Per poter formulare affermazioni sulla morbilità e mortalità dopo embolectomia, Casillas-Berumen et al. hanno utilizzato la banca dati NSQIP [5]. Nella banca dati sono state incluse 1749 embolectomie eseguite negli anni dal 2005 al 2012. L'età media dei pazienti era di 68 anni, poco meno del 48 % erano uomini. Le embolectomie iliofemoro-poplitee sono state eseguite in 1231 (70,4 %) pazienti, le embolectomie popliteo-tibioperoneali in 303 (17,3 %) pazienti e le embolectomie a entrambi i livelli in 215 (12,3 %) pazienti. In 308 pazienti (17,6 %) è stata eseguita una fasciotomia contestualmente all'embolectomia. Come complicanze postoperatorie si sono verificate: infarto miocardico/arresto cardiaco nel 4,7 %, complicanze polmonari nel 16,0 % e complicanze della ferita nell'8,2 % dei casi. Nel 25 % dei pazienti è stato necessario un reintervento entro 30 giorni. La mortalità entro 30 giorni dall'intervento è stata del 13,9 %.

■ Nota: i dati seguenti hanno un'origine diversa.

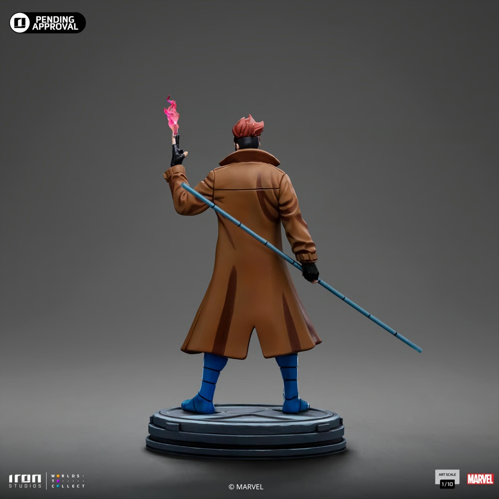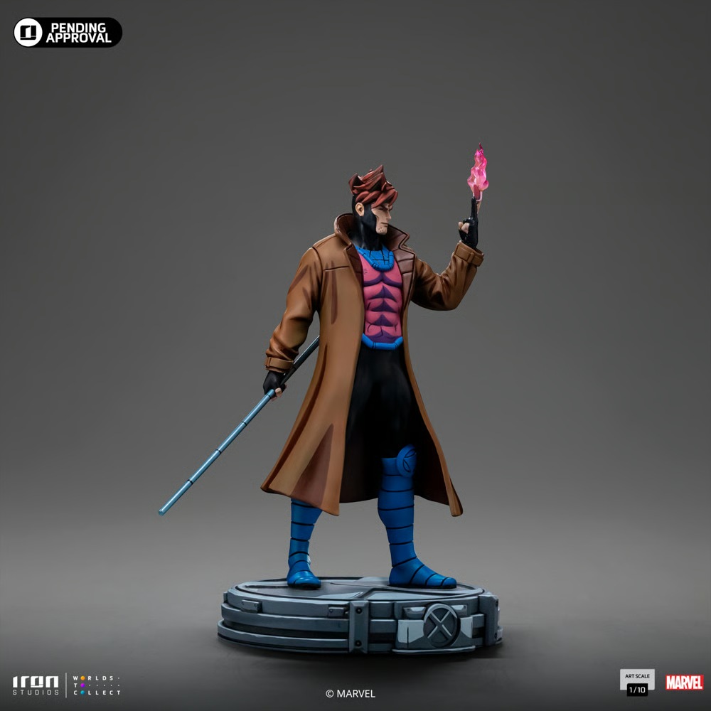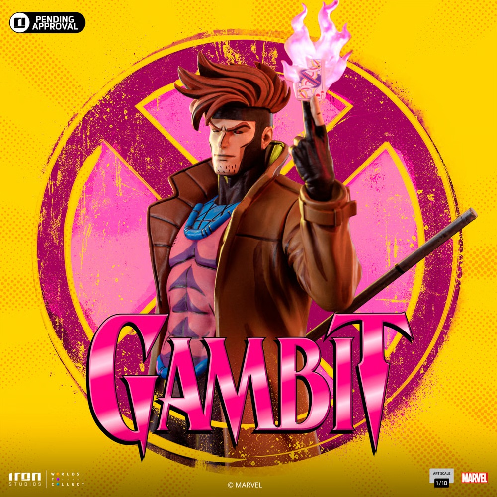 Remy LeBeau is a mutant from New Orleans that was trained to be the leader of the Thieves Guild. Banned from his clan, at some point he joined the X-Men using the codename Gambit and, while acting as part of the team, he became a valuable member. Remy soon fell in love with his X-Men companion, Rogue, and the feeling was mutual. Gambit has the ability to imbue objects with explosive charges of kinetic energy that his body produces from inorganic matter. He usually does that with deck cards because he can easily store and throw them. With his extendable BÅ staff, he uses a combat technique that combines Savate and BÅjutsu. He can also kinetically charge the staff to make it stronger. He is holding his staff in his right hand, while flaunts an energized card in his left hand, and presenting innovation in his painting in the form of a specific shading that highlights all the figures from this new collection as if the characters were coming out of the TV to the real world, Iron Studios present the Gambit – X-Men ‘97 – Art Scale 1:10 Statue, over a themed base in the “X†shape of the logo of the super group of mutant heroes.
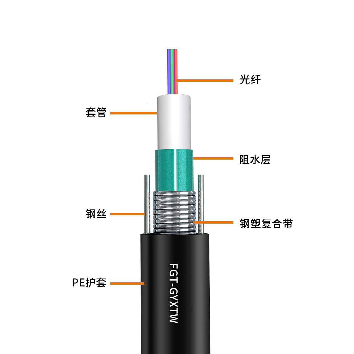 金屬加強(qiáng)構(gòu)件夾帶鋼絲的鋼——聚乙烯結(jié)護(hù)套中心束管式全填充型通信用室外光纜。
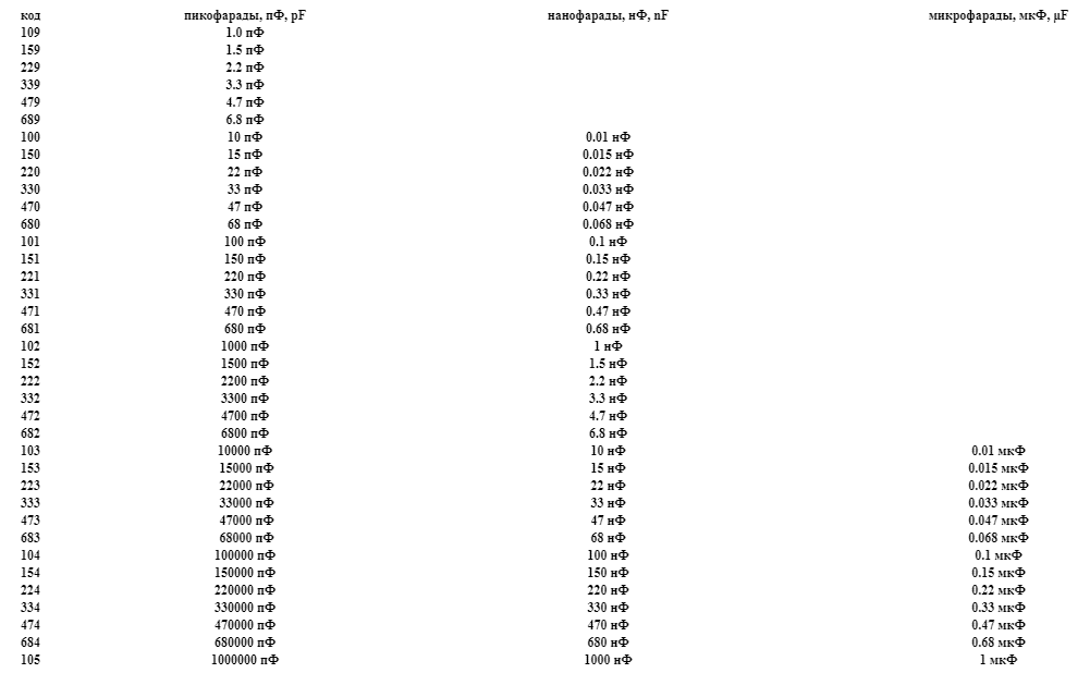Первые две цифры указывают на значение емкости в пигофарадах (пф), последняя — количество нулей. Когда конденсатор имеет емкость менее 10 пФ, то последняя цифра может быть «9». При емкостях меньше 1.0 пФ первая цифра «0». Буква R используется в качестве десятичной запятой. Например, код 010 равен 1.0 пФ, код 0R5 — 0.5 пф.
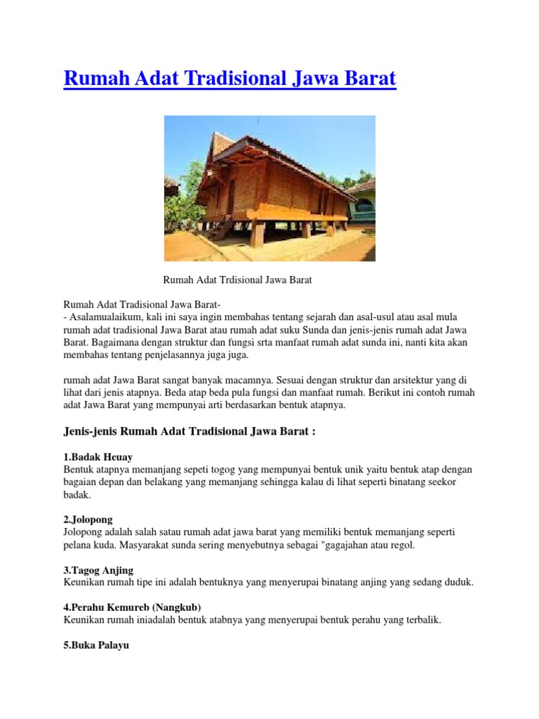 Rumah imah jolopong tidak memiliki bentuk atap yang rumit, melainkan hanya berbentuk segitiga. Rumah jolopong atau lebih dikenal dengan istilah susuhan menjadi rumah adat jawa barat yang kedua. Pariwisata jawa barat sangat kompleks dan juga sangat unik. Bagian bawahannya yaitu kain rereng, dan hiasan aksesori pengantin pria biasanya berupa bendo atau ikat kepala. Hal tersebut yang membuat satu daerah terlihat berbeda dari daerah lainnya. Selain atap yang menyerupai badak, ada juga atap kecil pada rumah adat jawa barat ini yang berfungsi untuk melindungi area teras di depan rumah. Arsitektur rumah adat jawa memiliki aturan hierarki yang dominan seperti yang tercermin pada bentuk atap rumah. Arti dari rumah adat masyarakat jawa barat ini adalah perahu terbalik atau perahu yang tengkurap. Bisa dibilang rumah adat satu ini adalah rumah adat padang yang wajib hukumnya untuk didirikan di daerah luhak nan tigo. Di jawa barat, atau lebih tepatnya kebudayaan sunda, terdapat 8 jenis rumah adat yang memiliki. Rumah adat dari suku sunda ini masih banyak ditemui di daerah pedesaan di jawa barat. Saat ini tercatat indonesia memiliki kurang lebih 1.340 suku bangsa. Berbagai jenis rumah adat di jawa barat.
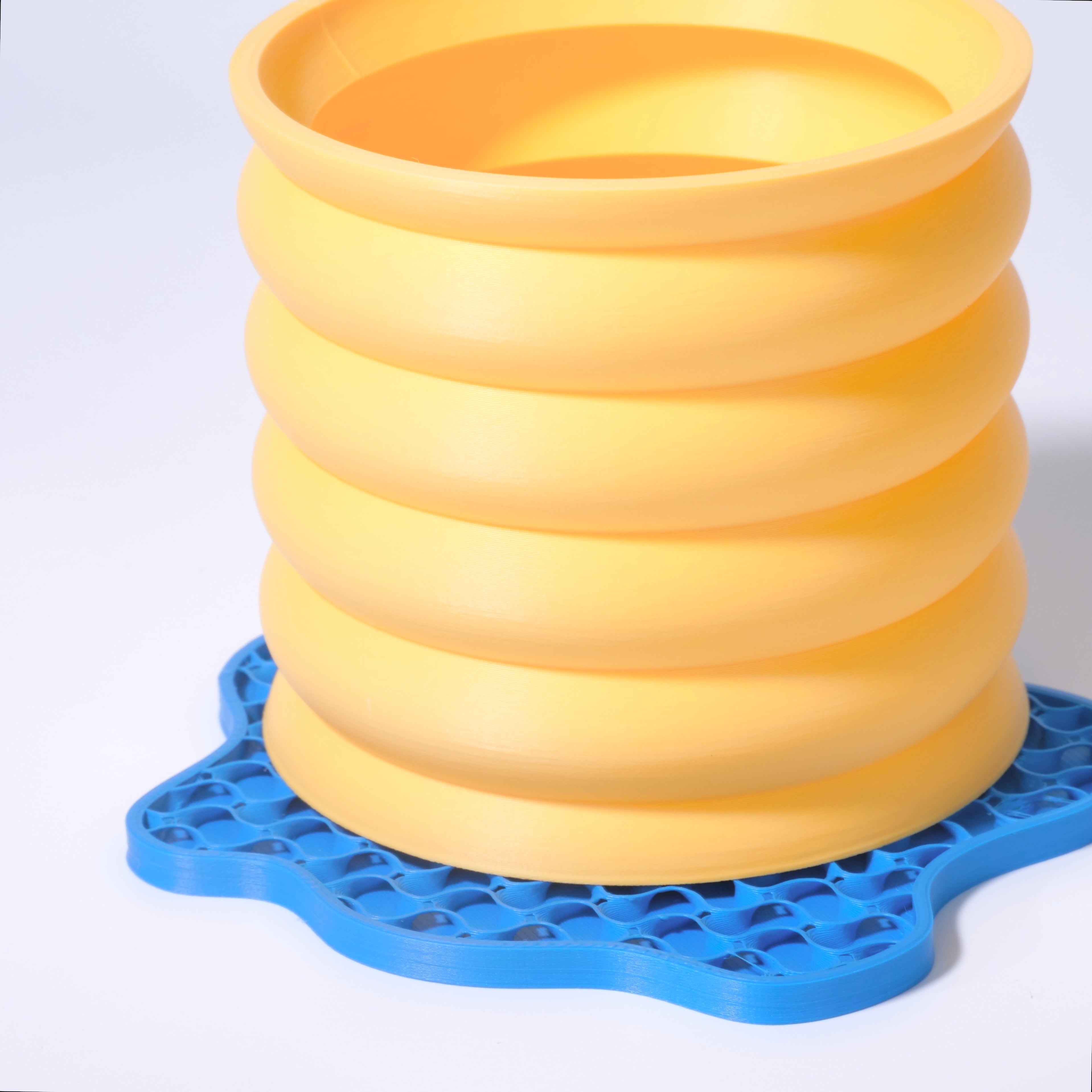 kurva イエロー。3Dプリンター製の植木鉢と水たまりをイメージした受け皿のセットです。受け皿は網目状のジャロイド構造になっており通気性と排水性を高めています。

In un'analisi gli autori hanno sviluppato un modello prognostico per la letalità perioperatoria. Come fattori di rischio sono stati inclusi: età > 70 anni, sesso maschile, dipendenza funzionale, BPCO, insufficienza cardiaca, recente infarto miocardico/angina pectoris, insufficienza renale cronica e terapia steroidea. La necessità di una stratificazione del rischio è sensata per diversi motivi, poiché la metà dei pazienti deceduti era completamente dipendente sul piano fisico, per cui la rivascolarizzazione chirurgica deve essere valutata rispetto a un'assistenza palliativa di fine vita. D'altra parte, il modello predittivo può servire alla stratificazione del rischio di pazienti candidati all'embolectomia chirurgica, ma che potrebbero essere trattati meglio mediante dispositivi percutanei per l'embolia oppure mediante trombolisi guidata da catetere.